In any case, user like you an me are able to configure their own solution (dmenu, whiskermenu … whatever).
I find myself not using the menu as a menu (for discovery) anyways. It’s just a search field to launch whatever I know is there. No mouse involved.
I guess it’s a matter of a routine. I do use mouse and in my routine it is more clicks. On the other hand my starting point is Qube Manager, and if someone would ask me, I’d like to see there in qubes’ context menus cascading entry “applications”, just like in dom0’s desktop context menu. But again I also remember a few (4?) years ago rebels against QM dropping off from the first releases of Qubes 4, so I am grateful to have it even like this, haha.
Please apologize for spinning off the topic.
“Fewer clicks” is not a design principle, unfortunately. It is a goal that many non-designers cite as desirable, because it’s the end result of many other actual design principles in action. The design principles for this project were laid-out in a GDoc and PDF, linked-to from the project’s issue.
Requiring the wrist and finger movements (with a mouse or pad) that today’s menu does, is problematic for accessibility. For users with dexterity issues, the drawer is a preferred approach. Likewise, for users wanting to use Qubes on small screens, they want to be able to “contain” the menu; and resizing this is a feature that I think has yet to be built in.
Also: this menu is our FIRST BEST GUESS. We need to do real testing with folks, an solicit real world feedback to then itterate upon. We’re not expecting this to be perfect.
I can’t get a machine to run 4.1 on just yet, so unfortunately even I have yet to play with the menu. Which sucks pretty hard.
What your describing has been sketched! However, with the extremely limited resources the project has, we had to prioritize re-doing the primary App Menu ahead of all else.
@quququbebebe You get a graphic wireframe tool and draw a desktop to look like that—no code involved, so all you get is pretty pictures. That’s how! Sorry, I don’t code. I just make things like that screenshot… so Marta can then sit and explain to me how hard XFCE’s toolbar is to make look like that, for reasons that would not be so hard if Qubes had a well staffed full-time dev team to make their own toolbar from scratch.
Namely, 1. Icons on the desktop cannot be transparent. They all have to have those dumb white boxes around them, for Reasons™. 2. The outline around the icons is part of the settings—and, yes, we can make it a default to not show the outline and to give more padding between all the icons (part of why my mockup looks so fabulous). All of that takes time, though—and even if it might only take a little time, with a single-digit number of developers on the entire project… that’s just not a priority.
Sorry, ninavizz. Thank you very much for all of your efforts.
Nothing to be sorry for—at all! Qubes exists and is amazing. For that, and for the rest of the core team and the contributor community also being amazing, I’m immensely grateful for.

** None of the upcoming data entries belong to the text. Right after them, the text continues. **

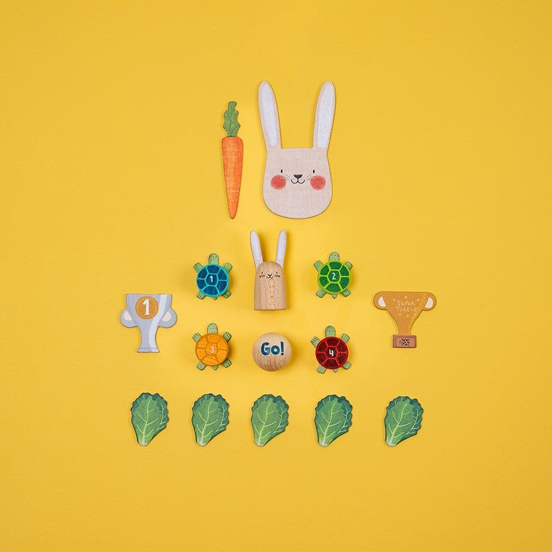 Un gioco cooperativo molto divertente ispirato alla favola della lepre e della tartaruga, dai 5 anni in su. Gioco sostenibile in cartone e legno. Prodotto a Barcellona.
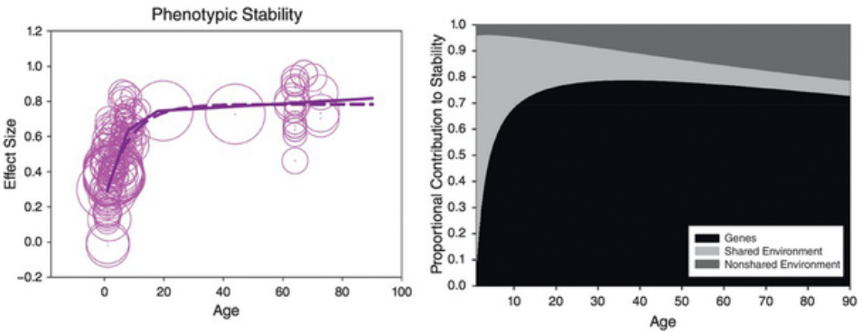 - Shared environment contributes moderately to stability in childhood (effect size 0.24), and this contribution fades to zero values by middle adulthood.
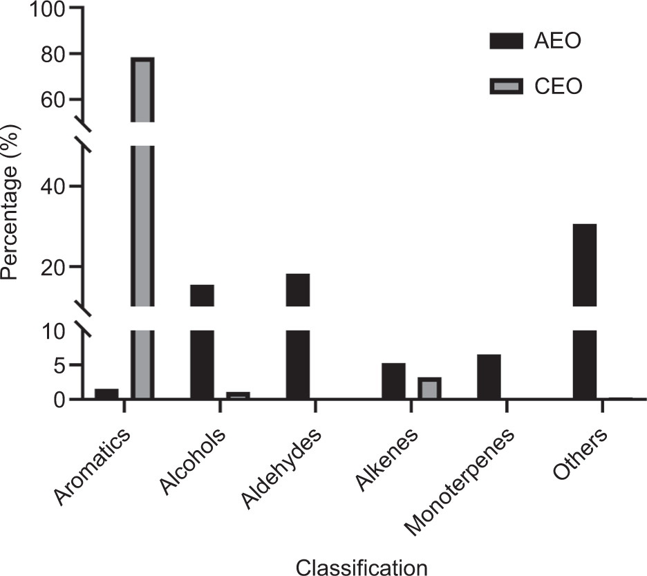 The chemical compositions of AEO and CEO were -analyzed by GC–MS on the Agilent Technologies 7890B GC system coupled with a 5977B inert mass selective detector (MSD) and controlled via the Agilent ChemStation software (Agilent Technologies Co. Ltd., Santa Clara, CA, USA). AEO analysis was performed on an Agilent 19091S-433 column (30 m × 0.25 mm × 0.25 μm). Samples (1 µL) were injected by using an Agilent G4513A autosampler in split mode at a ratio of 20:1, with helium acting as a carrier gas at a flow rate of 1.0 mL/min. The GC oven was programmed as follows: initial temperature 60°C held for 5 min, ramped to 110°C at 1°C/min, and held for 5 min, increased to 180°C at 5°C/min and held for 3 min, and finally heated to 240°C at 3°C/min and held for 5 min. Mass spectrometer operated in electron impact (EI) mode with a scan range of 50–800 amu, an ionization energy of 70 eV, and ion source and quadrupole temperatures set at 240°C and 150°C, respectively. CEO analysis followed a similar protocol, with a modified oven program: initial temperature 40°C held for 30 min, then ramped to 220°C at 5°C/min and held for 30 min. Compound identification was achieved by comparing the obtained mass spectra with reference spectra in the NIST 17.L library (National Institute of Standards and Technology, USA; https://webbook.nist.gov), and the relative component abundances were calculated from peak areas using the Mass Hunter B.07.00 software.

It’s on all of us to get more funding secured, so we can do releases more quickly and invest more in the UI. Yes, that would be easy if folks were kosher with the VC route—but the fact that we aren’t and that preserving the project’s integrity is a priority, is much of why I love the project and the community so much.
Qube Manager […] remember a few (4?) years ago rebels against QM dropping off from the first releases of Qubes 4
lol I remember that. I think I was very concerned about it too at the time.
Now, I couldn’t tell you the last time I launched Qubes Manager… or what I would use it for. It seems fully redundant and a very slow way to get anything done. Funny how time changes perspective.
It’s kind of cool though that the project allows so much freedom for different people to have very different workflows. Great job!